Nearly all trees respond to increases in the air's CO2 content by exhibiting enhanced rates of photosynthesis and biomass production, as well as beneficial changes in several other plant physiological processes and properties. In this summary, we describe the findings of a number of such experiments that have been conducted on Ponderosa pine (Pinus ponderosa Dougl. ex P. Laws & C. Laws), which is an important timber species.

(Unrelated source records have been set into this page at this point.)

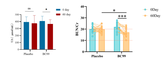 BC99干预60天后,与安慰剂组相比,BC99可显著降低受试者尿酸水平,同时受试者的BUN/Cr与基线相比极显著降低,与安慰组相比也显著降低;而安慰剂组没有显著变化。临床结果表明,BC99具有潜在的降尿酸、改善肾功能的作用。
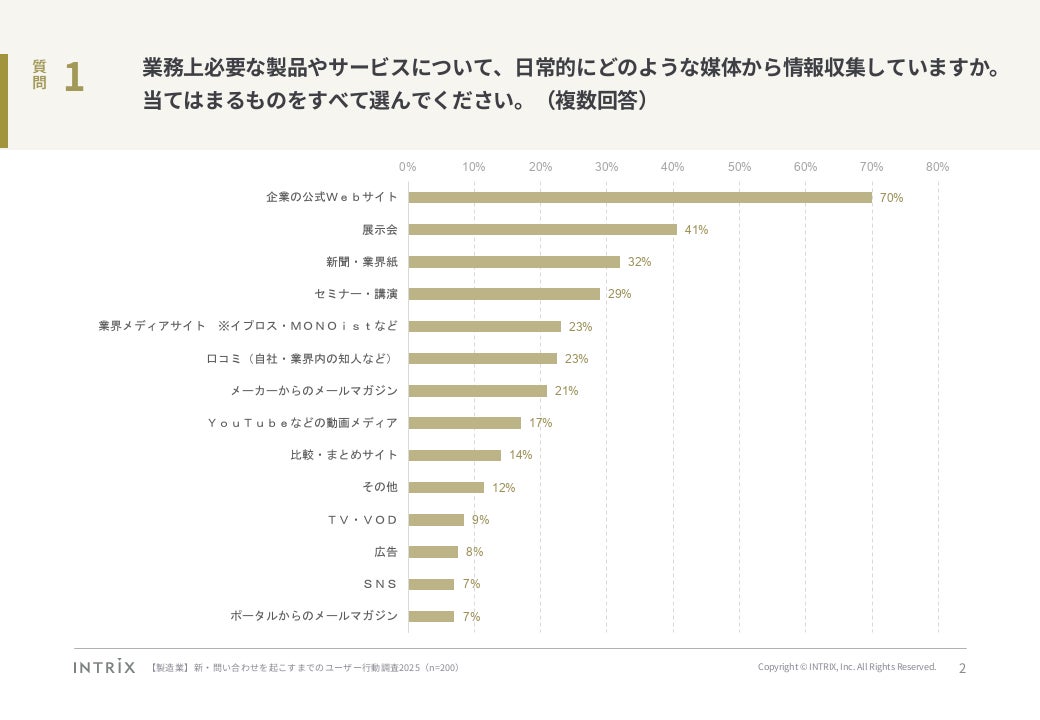 質問1では、業務上必要な製品やサービスについて、日常的にどのような媒体から情報収集しているかを伺いました。1位は70%の方に選ばれた「企業の公式Webサイト」で、2位の「展示会」の41%を大きく引き離す結果となりました(複数回答可)。そのほかの媒体としては「新聞・業界紙」「セミナー・講演」「業界メディアサイト」「口コミ」などを選んだ方が多く、さまざまな媒体から情報を収集していることがうかがえました。
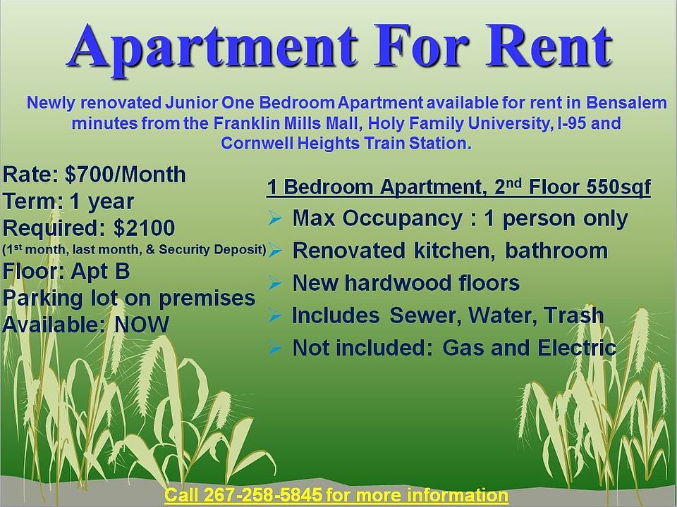 MAXIMUM OCCUPANCY of this unit is 1 PERSON ONLY MAXIMUM OCCUPANCY of this unit is 1 PERSON ONLY MAXIMUM OCCUPANCY of this unit is 1 PERSON ONLY Newly renovated Junior One Bedroom Apartment. It is minutes from the Franklin Mills Mall, Holy Family University, I-95 and Cornwell Heights Train Station. Apartment features a New Kitchen, Updated Bathroom, Hardwood floors throughout the apartment. Private parking located in the rear and nice size shared back yard. Why live in a complex when you can have the feel of living in a home? Property Information: **MAXIMUM 1 PERSON OCCUPANCY ONLY** **MAXIMUM 1 PERSON OCCUPANCY ONLY** $2100 upfront - first, last and security deposit. Rent amount - $700, Security deposit - $700 Required: Credit Check, 2 Paystubs, 2-3 References, Employment Verification Date available - NOW Utilities included - Trash, Sewer, Water Utilities not included - PECO (Gas and Electric through PECO) / Cable Parking - Back yard Laundry - Not Included, Laundromat is around the corner Square footage - 550 sq fet Second floor of a duplex Bedroom: 1, Bathroom: 1 Kitchen - large updated kitchen Backyard- shared backyard Pets OK under 25lbs for additional fee - Fee is $300 due upfront Newly renovated Junior One Bedroom Apartment. It is minutes from the Franklin Mills Mall, Holy Family University, I-95 and Cornwell Heights Train Station. Apartment features a New Kitchen, Updated Bathroom, Hardwood floors throughout the apartment. Private parking located in the rear and nice size shared back yard. Why live in a complex when you can have the feel of living in a home? Property Information: Max Occupany of this unit is 1 person $2100 upfront - first, last and security deposit. Rent amount - $700, Security deposit - $700 Required: Credit Check, 2 Paystubs, 2-3 References, Employment Verification Date available - NOW Utilities included - Trash, Sewer, Water Utilities not included - PECO (Gas and Electric through PECO) / Cable Parking - Back yard Laundry - Not Included, Laundromat is around the corner Square footage - 550 sq fet Second floor of a duplex Bedroom: 1, Bathroom: 1 Kitchen - large updated kitchen Backyard- shared backyard - Pets OK under 25lbs for additional fee - Fee is $300 due upfront Pictures: Available Upon Request Max Occupany of this unit is 1 person $2100 upfront - first, last and security deposit. Rent amount - $700, Security deposit - $700 Required: Credit Check, 2 Paystubs, 2-3 References, Employment Verification Date available - NOW Less
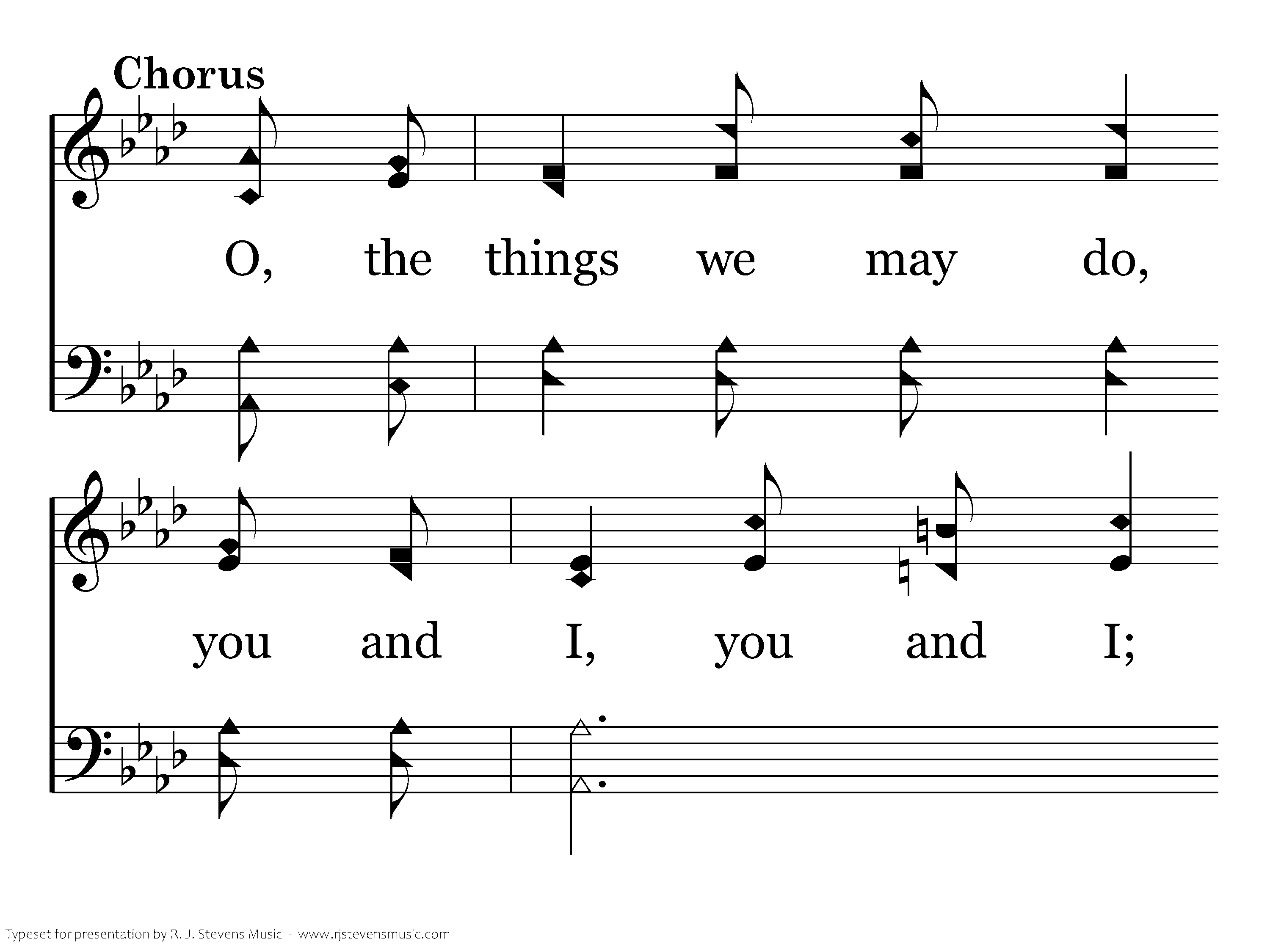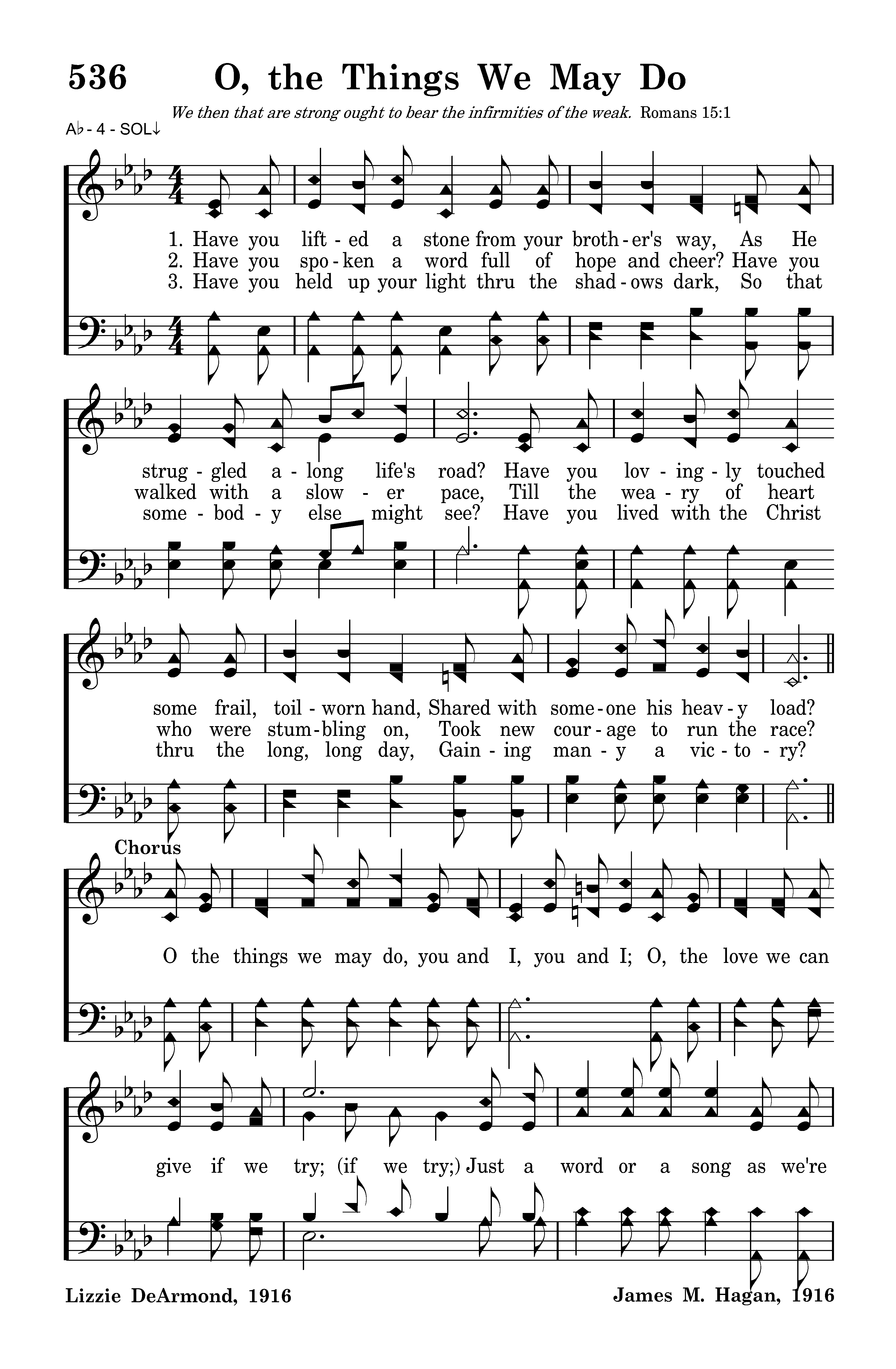 O the things we may do, you and I, you and I, O, the love we can give if we try, Just a word or a song as we're passing along, They will count in the great by and by.
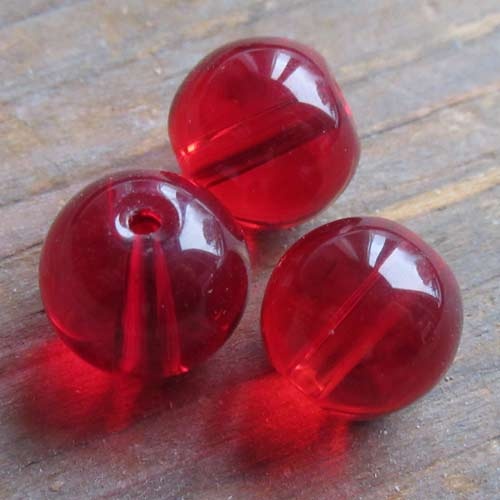 Mooie gladde ronde glaskraal. Transparant.• Maat: 10 mm, rijggat: 1 mm.• Per stuk.• Materiaal: glas.• Kleur: rood.

Walker et al. (1998b) grew Ponderosa pine seedlings for an entire year in controlled environment chambers with atmospheric CO2 concentrations of either 350 (ambient), 525 or 700 ppm. In addition, low or high levels of nitrogen and phosphorus were supplied to determine the main and interactive effects of atmospheric CO2 enrichment and soil nutrition on seedling growth and fungal colonization of the seedlings' roots. After twelve months, they found that phosphorus supply had little impact on overall seedling growth, while high nitrogen increased nearly every parameter measured, including root, shoot and total biomass, as did atmospheric CO2 enrichment. Averaged over all nitrogen and phosphate treatments, total root dry weights at 525 and 700 ppm CO2 were 92 and 49% greater, respectively, than those observed at ambient CO2, while shoot dry weights were 83 and 26% greater. Consequently, seedlings grown at 525 and 700 ppm CO2 had total dry weights that were 86 and 35% greater, respectively, than those measured at ambient CO2. In addition, elevated CO2 increased the total number of ectomycorrhizal fungi on roots by 170% at 525 ppm CO2 and 85% at 700 ppm CO2 relative to the number observed at ambient CO2.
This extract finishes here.